SC TO-C

 

 

SECURITIES AND EXCHANGE COMMISSION

Washington, DC 20549

 

 

SCHEDULE TO

(Rule 14d-100)

Tender Offer Statement under Section 14(d)(1) or 13(e)(1)

of the Securities Exchange Act of 1934

 

 

NISOURCE INC.

(Name of Subject Company (Issuer) and Filing Person (Offeror))

Shares of Series A Fixed- Rate Reset Cumulative Redeemable Perpetual Preferred Stock,

liquidation preference $1,000 per share

(Title of Class of Securities)

65473P AC9 and U65483 AA4

(CUSIP Number of Class of Securities)

Shawn Anderson

Vice President, Treasurer and Chief Risk Officer

NiSource Inc.

801 East 86th Avenue

Merrillville, Indiana 46410

(877) 647-5990

(Name, address and telephone number of person authorized to receive notices and

communications on behalf of filing persons)

With a Copy to:

Robert J. Minkus, Esq.

Schiff Hardin LLP

233 S. Wacker Drive, Suite 7100

Chicago, Illinois 60606

(312) 258-5500

 

 

CALCULATION OF FILING FEE

 

 

Transaction valuation*   Amount of filing fee*
Not applicable   Not applicable

 

 

*

Pursuant to General Instruction D to Schedule TO, no filing fee is required for pre-commencement communications.

 

Check the box if any part of the fee is offset as provided by Rule 0-11(a)(2) and identify the filing with which the offsetting fee was previously paid. Identify the previous filing by registration statement number, or the Form or Schedule and the date of its filing

 

Amount Previously Paid:    Filing Party:
Form or Registration No.:    Date Filed:

 

Check the box if the filing relates solely to preliminary communications made before the commencement of a tender offer.
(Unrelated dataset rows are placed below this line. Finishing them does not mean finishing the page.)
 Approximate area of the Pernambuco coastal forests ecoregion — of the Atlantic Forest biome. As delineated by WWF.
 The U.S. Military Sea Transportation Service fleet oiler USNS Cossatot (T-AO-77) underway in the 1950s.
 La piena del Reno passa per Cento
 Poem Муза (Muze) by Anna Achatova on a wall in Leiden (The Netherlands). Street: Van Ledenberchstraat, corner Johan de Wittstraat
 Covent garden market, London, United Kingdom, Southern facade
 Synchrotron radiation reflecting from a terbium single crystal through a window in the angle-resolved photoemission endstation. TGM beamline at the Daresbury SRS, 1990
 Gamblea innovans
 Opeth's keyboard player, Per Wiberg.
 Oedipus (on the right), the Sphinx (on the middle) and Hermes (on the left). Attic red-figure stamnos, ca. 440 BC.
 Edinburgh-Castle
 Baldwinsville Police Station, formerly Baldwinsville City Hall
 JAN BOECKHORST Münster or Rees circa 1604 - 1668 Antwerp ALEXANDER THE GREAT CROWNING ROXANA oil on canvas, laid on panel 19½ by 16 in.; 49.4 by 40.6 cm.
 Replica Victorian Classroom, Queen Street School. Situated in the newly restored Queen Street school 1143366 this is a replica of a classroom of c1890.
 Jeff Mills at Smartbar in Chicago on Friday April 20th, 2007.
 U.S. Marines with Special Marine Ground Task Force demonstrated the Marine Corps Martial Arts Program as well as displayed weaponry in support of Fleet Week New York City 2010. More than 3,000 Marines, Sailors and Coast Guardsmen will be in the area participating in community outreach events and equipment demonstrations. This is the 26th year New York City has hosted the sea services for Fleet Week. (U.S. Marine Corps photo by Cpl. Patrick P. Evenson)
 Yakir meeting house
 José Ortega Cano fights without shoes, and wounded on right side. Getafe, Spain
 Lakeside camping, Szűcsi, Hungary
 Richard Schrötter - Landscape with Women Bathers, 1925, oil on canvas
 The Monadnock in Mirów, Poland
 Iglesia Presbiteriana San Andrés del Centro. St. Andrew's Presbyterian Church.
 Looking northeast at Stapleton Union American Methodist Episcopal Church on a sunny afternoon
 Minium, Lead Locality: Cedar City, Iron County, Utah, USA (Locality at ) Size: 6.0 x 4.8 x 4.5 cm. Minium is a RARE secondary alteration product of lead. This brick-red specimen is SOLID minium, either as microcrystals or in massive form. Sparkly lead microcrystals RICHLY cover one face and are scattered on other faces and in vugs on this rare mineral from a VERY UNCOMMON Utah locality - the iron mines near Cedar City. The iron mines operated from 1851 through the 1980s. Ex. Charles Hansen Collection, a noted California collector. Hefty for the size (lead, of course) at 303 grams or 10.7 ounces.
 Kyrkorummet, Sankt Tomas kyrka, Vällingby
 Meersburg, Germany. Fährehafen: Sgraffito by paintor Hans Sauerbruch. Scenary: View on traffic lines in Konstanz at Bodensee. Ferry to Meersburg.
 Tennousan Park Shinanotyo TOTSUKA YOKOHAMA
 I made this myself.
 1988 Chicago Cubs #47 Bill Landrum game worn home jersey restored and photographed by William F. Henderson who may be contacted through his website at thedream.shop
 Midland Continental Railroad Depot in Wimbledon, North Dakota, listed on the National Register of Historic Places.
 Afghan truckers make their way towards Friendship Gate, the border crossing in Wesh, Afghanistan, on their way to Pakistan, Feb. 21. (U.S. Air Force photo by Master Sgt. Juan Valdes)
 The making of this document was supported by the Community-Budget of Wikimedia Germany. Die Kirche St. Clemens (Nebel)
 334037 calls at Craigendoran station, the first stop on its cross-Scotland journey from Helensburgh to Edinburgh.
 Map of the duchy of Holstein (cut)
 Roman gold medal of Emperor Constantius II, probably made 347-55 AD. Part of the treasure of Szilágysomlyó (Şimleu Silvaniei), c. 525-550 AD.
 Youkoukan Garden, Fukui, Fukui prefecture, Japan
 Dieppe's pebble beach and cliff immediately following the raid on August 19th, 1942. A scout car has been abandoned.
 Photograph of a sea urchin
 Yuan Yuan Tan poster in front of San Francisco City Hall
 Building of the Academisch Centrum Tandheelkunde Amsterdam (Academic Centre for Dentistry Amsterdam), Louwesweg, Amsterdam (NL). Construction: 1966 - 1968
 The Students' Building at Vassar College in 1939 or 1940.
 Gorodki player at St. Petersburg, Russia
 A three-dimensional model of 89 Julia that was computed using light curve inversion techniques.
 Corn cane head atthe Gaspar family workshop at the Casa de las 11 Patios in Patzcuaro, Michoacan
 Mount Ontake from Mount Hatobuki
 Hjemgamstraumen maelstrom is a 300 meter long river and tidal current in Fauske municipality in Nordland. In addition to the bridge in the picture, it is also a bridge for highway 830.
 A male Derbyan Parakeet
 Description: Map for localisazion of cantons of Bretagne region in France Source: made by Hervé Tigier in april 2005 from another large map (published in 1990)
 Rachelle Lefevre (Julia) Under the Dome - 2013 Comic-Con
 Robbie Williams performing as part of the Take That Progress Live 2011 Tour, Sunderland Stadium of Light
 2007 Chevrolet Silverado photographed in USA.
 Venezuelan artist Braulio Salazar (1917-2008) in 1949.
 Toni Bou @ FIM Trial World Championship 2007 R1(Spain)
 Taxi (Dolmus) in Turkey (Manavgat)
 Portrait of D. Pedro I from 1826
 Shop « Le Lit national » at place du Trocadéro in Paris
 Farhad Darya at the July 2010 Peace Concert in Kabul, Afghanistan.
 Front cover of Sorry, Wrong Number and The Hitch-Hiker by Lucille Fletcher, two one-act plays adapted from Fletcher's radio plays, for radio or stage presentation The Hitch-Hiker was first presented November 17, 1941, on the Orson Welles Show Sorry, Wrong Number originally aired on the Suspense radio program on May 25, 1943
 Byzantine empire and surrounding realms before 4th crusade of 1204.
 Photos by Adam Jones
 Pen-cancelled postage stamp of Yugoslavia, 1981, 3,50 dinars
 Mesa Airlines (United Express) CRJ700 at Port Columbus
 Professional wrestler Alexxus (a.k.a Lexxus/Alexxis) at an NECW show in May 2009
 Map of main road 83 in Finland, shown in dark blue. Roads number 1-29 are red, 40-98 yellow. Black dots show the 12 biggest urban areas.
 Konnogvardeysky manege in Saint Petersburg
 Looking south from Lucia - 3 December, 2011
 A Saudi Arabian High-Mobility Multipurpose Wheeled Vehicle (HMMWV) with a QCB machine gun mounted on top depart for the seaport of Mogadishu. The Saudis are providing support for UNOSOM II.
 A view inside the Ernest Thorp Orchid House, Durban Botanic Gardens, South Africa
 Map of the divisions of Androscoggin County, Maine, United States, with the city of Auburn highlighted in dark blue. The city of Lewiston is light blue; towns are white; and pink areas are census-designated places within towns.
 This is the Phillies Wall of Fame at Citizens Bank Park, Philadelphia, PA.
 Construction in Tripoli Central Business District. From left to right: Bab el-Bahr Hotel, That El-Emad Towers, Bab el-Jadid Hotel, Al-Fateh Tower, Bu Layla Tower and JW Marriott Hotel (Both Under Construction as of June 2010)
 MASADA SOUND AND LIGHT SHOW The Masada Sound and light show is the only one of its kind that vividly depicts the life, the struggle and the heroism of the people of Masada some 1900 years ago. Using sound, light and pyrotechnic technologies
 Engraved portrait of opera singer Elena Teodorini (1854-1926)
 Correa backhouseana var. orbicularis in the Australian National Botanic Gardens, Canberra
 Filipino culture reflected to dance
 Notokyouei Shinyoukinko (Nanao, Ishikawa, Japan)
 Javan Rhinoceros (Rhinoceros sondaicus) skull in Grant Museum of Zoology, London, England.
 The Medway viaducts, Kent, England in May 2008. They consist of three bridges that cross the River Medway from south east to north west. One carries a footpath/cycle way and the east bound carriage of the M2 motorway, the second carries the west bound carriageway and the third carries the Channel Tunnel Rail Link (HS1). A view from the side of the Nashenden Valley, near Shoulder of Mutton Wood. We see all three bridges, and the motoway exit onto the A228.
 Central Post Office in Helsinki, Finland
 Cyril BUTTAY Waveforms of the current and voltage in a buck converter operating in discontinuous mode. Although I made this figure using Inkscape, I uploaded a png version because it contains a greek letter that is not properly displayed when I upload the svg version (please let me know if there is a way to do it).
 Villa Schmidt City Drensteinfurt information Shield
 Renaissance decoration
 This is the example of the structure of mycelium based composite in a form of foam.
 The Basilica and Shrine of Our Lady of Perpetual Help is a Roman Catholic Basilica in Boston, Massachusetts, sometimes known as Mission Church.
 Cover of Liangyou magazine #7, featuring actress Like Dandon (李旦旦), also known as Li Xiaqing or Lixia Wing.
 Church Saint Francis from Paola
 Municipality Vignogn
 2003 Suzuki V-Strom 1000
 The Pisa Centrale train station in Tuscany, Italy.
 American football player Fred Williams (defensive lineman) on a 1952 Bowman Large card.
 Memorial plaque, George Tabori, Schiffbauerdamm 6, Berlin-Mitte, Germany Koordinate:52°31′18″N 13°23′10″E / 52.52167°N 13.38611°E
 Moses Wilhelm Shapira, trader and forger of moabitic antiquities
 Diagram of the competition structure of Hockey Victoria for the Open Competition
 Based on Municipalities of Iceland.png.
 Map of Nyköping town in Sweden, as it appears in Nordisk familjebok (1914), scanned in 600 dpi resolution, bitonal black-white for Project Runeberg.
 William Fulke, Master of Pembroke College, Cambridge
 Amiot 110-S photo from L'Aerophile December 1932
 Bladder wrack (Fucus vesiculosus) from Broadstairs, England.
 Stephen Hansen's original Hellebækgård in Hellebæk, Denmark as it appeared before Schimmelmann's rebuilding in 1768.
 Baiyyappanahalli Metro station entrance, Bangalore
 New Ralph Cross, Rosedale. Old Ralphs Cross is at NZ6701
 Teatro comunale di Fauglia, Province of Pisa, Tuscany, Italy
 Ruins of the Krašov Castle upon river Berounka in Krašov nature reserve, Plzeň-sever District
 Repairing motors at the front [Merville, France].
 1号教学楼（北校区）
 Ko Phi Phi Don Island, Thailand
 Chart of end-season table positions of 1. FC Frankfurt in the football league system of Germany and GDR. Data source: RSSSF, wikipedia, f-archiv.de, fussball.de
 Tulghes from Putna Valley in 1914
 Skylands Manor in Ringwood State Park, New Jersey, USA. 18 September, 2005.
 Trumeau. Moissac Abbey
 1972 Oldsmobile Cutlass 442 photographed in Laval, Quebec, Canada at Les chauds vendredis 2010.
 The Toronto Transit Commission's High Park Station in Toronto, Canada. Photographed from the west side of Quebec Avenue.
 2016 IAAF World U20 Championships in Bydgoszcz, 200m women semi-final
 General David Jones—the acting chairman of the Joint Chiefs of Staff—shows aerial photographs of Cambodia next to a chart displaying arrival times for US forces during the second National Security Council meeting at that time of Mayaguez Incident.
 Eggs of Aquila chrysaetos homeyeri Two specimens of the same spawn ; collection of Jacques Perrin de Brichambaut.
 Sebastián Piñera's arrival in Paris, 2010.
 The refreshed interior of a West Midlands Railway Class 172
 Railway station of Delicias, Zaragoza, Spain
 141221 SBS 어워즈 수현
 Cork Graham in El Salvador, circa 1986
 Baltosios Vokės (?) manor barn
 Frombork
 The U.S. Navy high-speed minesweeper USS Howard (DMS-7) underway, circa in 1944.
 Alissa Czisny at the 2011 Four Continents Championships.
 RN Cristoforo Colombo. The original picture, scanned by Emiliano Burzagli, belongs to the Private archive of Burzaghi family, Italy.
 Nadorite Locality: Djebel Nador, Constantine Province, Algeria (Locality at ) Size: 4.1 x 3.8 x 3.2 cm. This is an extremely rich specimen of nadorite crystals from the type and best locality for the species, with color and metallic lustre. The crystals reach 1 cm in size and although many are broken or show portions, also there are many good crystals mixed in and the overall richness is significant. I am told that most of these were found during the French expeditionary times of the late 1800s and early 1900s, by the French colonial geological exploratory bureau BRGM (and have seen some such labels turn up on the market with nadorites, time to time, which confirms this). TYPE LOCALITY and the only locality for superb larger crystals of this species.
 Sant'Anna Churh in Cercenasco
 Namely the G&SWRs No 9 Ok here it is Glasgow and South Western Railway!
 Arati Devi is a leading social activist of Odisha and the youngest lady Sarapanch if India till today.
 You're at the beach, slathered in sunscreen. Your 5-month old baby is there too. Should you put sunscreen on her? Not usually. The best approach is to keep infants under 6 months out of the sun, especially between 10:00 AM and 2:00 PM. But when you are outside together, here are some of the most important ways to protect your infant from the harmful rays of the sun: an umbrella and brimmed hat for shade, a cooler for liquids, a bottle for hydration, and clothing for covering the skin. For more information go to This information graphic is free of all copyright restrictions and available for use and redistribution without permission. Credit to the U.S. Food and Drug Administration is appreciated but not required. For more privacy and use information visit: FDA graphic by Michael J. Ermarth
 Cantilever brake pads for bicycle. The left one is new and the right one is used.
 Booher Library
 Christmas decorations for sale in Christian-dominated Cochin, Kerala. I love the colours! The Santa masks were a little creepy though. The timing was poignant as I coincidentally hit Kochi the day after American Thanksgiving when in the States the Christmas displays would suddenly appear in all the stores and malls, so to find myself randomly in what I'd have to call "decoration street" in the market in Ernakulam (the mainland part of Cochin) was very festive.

Check the appropriate boxes below to designate any transaction to which the statement relates:

 

 

third-party tender offer subject to Rule 14d-1

 

issuer tender offer subject to Rule 13e-4

 

going-private transaction subject to Rule 13e-3

 

amendment to Schedule 13D under Rule 13d-2

Check the following box if the filing is a final amendment reporting the results of the tender offer:  ☐

If applicable, check the appropriate box(es) below to designate the appropriate rule provision(s) relied upon:

 

 

Rule 13e-4(i) (Cross-Border Issuer Tender Offer)

 

Rule 14d-1(d) (Cross-Border Third-Party Tender Offer)

 

 

 


Incorporated by reference into this filing is the preliminary prospectus (the “Preliminary Prospectus”) contained in the Form S-4 Registration Statement (File No. 333-228790) of NiSource Inc., a Delaware corporation (“NiSource”), filed with the Securities and Exchange Commission (the “SEC”) on December 13, 2018 with respect to the proposed offer by NiSource to exchange any and all shares of its 5.650% Series A Fixed-Rate Reset Cumulative Redeemable Perpetual Preferred Stock, liquidation preference $1,000 per share (“Series A Preferred Stock”), which were issued in a transaction exempt from registration under the Securities Act of 1933, as amended (the “Securities Act”; such unregistered shares, the “Old Shares”), for up to 400,000 shares of Series A Preferred Stock that have been registered under the Securities Act. The exchange offer will be made upon the terms and subject to the conditions set forth in the Preliminary Prospectus and the related Letter of Transmittal and instructions thereto, as they may be revised prior to commencement of the exchange offer.

The exchange offer described in the Preliminary Prospectus has not yet commenced. At the time the exchange offer commences, NiSource will provide holders of Old Shares with written materials explaining the precise terms and timing of the exchange offer. Holders of Old Shares should read these written materials carefully when they become available because they will contain important information about the exchange offer. NiSource will also file these written materials with the SEC as part of a tender offer statement upon the commencement of the exchange offer. Holders of Old Shares will be able to obtain additional copies of these written materials and other documents filed by NiSource with the SEC free of charge either from the SEC’s website at www.sec.gov or by written request to Corporate Secretary, NiSource Inc., 801 East 86th Avenue, Merrillville, Indiana 46410.

 

Item 12.

Exhibits.

 

Exhibit
Number

 

Description

(a)(4)(iii)   Preliminary Prospectus, dated December 13, 2018 (incorporated by reference to NiSource’s Registration Statement on Form S-4 (Registration No. 333-228790), filed on December 13, 2018).